> [Assigned task]: Restate each of the lines below word for word and drop every picture.

> [Given material]:
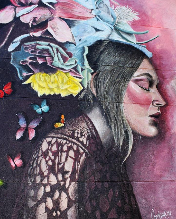 A lo largo de 2018, cuando «el papel se me quedaba pequeño», saltó al gran formato: el mural. Dio vida, en una de las paredes de su pueblo, a la imagen de una anciana tatuada. Ésta fue su primera experiencias que se convirtió en arte efímero por el efecto de la lluvia al utilizar el tipo de material equivocado. Pero, como él mismo declara «aprendo de mis errores», y, como buen autodidacta, no ha vuelto a ocurrirle. Desde entonces, han sido varios los muros en los que ha dejado su huella. Una de las obras más reseñables la realizó durante la cuarentena domiciliaria, en su propio jardín, con el ánimo de poner la mirada en la parte positiva de la vida y dejar de lado todo lo que veía en la televisión. Durante 18 días este artista se encargó de realizar el boceto en papel, cuadricular la imagen, montar los andamios y llevar a cabo la obra.
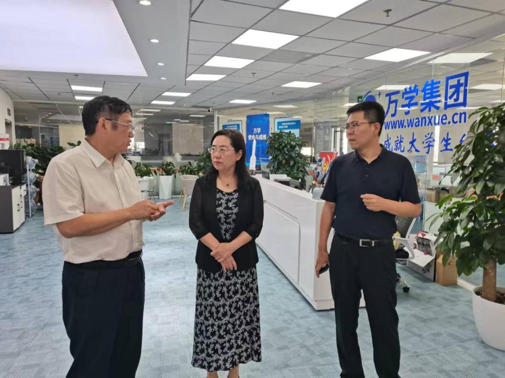 在北京萬(wàn)學(xué)教育科技有限公司,丁宏一行就職業(yè)發(fā)展精細(xì)規(guī)劃、核心職業(yè)能力培訓(xùn)、就業(yè)培訓(xùn)與深度服務(wù)、創(chuàng)新創(chuàng)業(yè)教育、先進(jìn)產(chǎn)業(yè)和專(zhuān)精特新人才培養(yǎng)、高校應(yīng)用型轉(zhuǎn)型發(fā)展等方面與副董事長(zhǎng)張強(qiáng)進(jìn)行了深入交流。
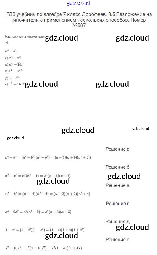 Ответ на задание 887 Учебник Алгебра  за 7 (седьмой) класс Дорофеев, Суворова, Бунимович Академический школьный учебник  2020

> [Written answer]:
 A lo largo de 2018, cuando «el papel se me quedaba pequeño», saltó al gran formato: el mural. Dio vida, en una de las paredes de su pueblo, a la imagen de una anciana tatuada. Ésta fue su primera experiencias que se convirtió en arte efímero por el efecto de la lluvia al utilizar el tipo de material equivocado. Pero, como él mismo declara «aprendo de mis errores», y, como buen autodidacta, no ha vuelto a ocurrirle. Desde entonces, han sido varios los muros en los que ha dejado su huella. Una de las obras más reseñables la realizó durante la cuarentena domiciliaria, en su propio jardín, con el ánimo de poner la mirada en la parte positiva de la vida y dejar de lado todo lo que veía en la televisión. Durante 18 días este artista se encargó de realizar el boceto en papel, cuadricular la imagen, montar los andamios y llevar a cabo la obra.
 在北京萬(wàn)學(xué)教育科技有限公司,丁宏一行就職業(yè)發(fā)展精細(xì)規(guī)劃、核心職業(yè)能力培訓(xùn)、就業(yè)培訓(xùn)與深度服務(wù)、創(chuàng)新創(chuàng)業(yè)教育、先進(jìn)產(chǎn)業(yè)和專(zhuān)精特新人才培養(yǎng)、高校應(yīng)用型轉(zhuǎn)型發(fā)展等方面與副董事長(zhǎng)張強(qiáng)進(jìn)行了深入交流。
 Ответ на задание 887 Учебник Алгебра  за 7 (седьмой) класс Дорофеев, Суворова, Бунимович Академический школьный учебник  2020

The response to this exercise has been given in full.